Bernhard Mølemann (12 September 1702 – 25 July 1778) was a Danish historian and librarian. He served as chief librarian of the Royal Danish Library from 1748, professor of history at the University of Copenhagen from 1754 and Historiographer Royal from 1755. He was rector of the University of Copenhagen in 1756–57 and again in 1764–65. There is an epitaph to Møllmann created by Johannes Wiedewelt in the burial chapel of St. Peter's Church in Copenhagen.

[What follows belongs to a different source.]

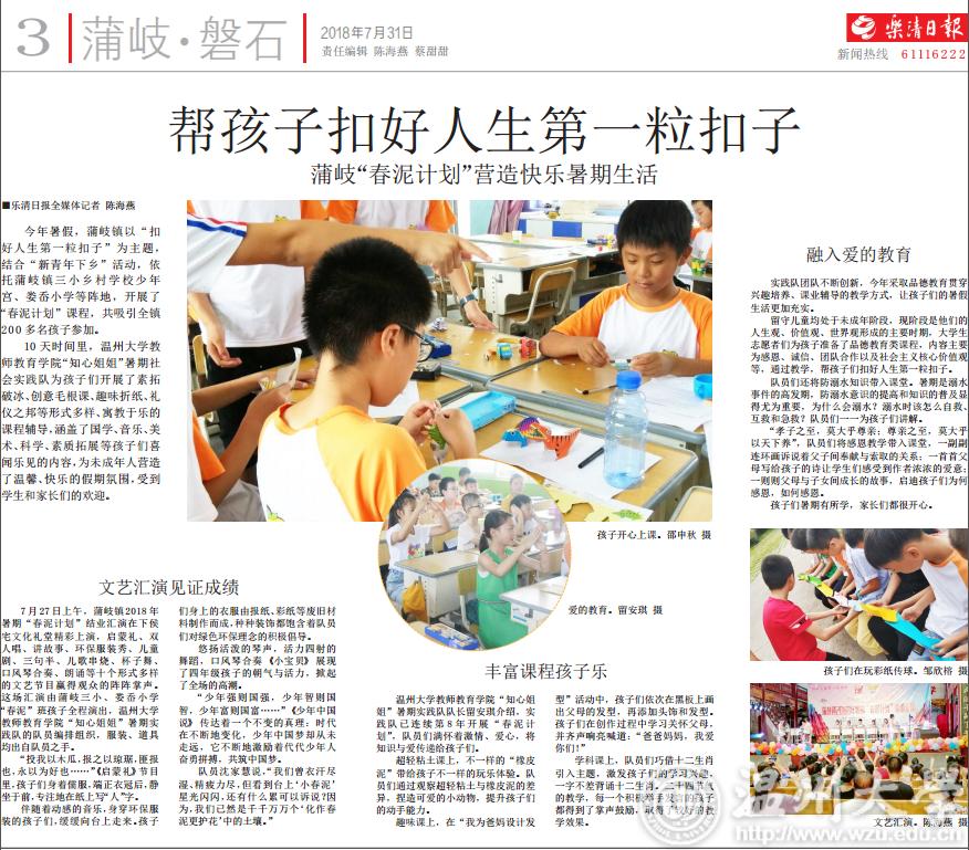今年暑假,蒲岐镇以“扣好人生第一粒扣子”为主题,结合“新青年下乡”活动,依托蒲岐镇三小乡村学校少年宫、娄岙小学等阵地,开展了“春泥计划”课程,共吸引全镇 200多名孩子参加。10天时间里,少妇白洁 教 师教育学院“知心姐姐”暑期社 会实践队为孩子们开展了素拓破冰、创意毛根课、趣味折纸、礼仪之邦等形式多样、寓教于乐的课程辅导,涵盖了国学、音乐、美术、科学、素质拓展等孩子们喜闻乐见的内容,为未成年人营造了温馨、快乐的假期氛围,受到学生和家长们的欢迎。

==Early life and education==
Møllmann was born on 12 September 1702 in Flensburg as the son of merchant Carsten Møllmann and Gesine Paulsen. He received his first schooling in Flensburg before attending the grammar school in Lübeck. From 1721 to 1724 he studied at Wittenberg University. He also visited the universities in Halle, Jena and Leipzig. In 1725, he returned to his home town.

==Career==
In 1731, Møllmann moved to Copenhagen. With assistance from Gans Gram, he was employed at the Royal Danish Library. He was responsible for creating a catalogue of the library's book collection as well as the Gottorp manuscripts (11 folio volumes). In 1734, he was back in Germany. In 1740, he unsuccessfully competed with Henrik Stampe and P. Kofod Ancher for the professorial chair in law at the University of Copenhagen. In 1731, he was instead appointed as professor of antiquitates patriæ. In 1732, he became a Doctor of Law. In October 1743, he was also made a member of the university's konsistorium (governing body).

In 1748, he succeeded Gram as chief librarian of the Royal Danish Library. In 1749, he was responsible for the transfer of 12,000 volumes from the library at Gottorp Castle to Copenhagen.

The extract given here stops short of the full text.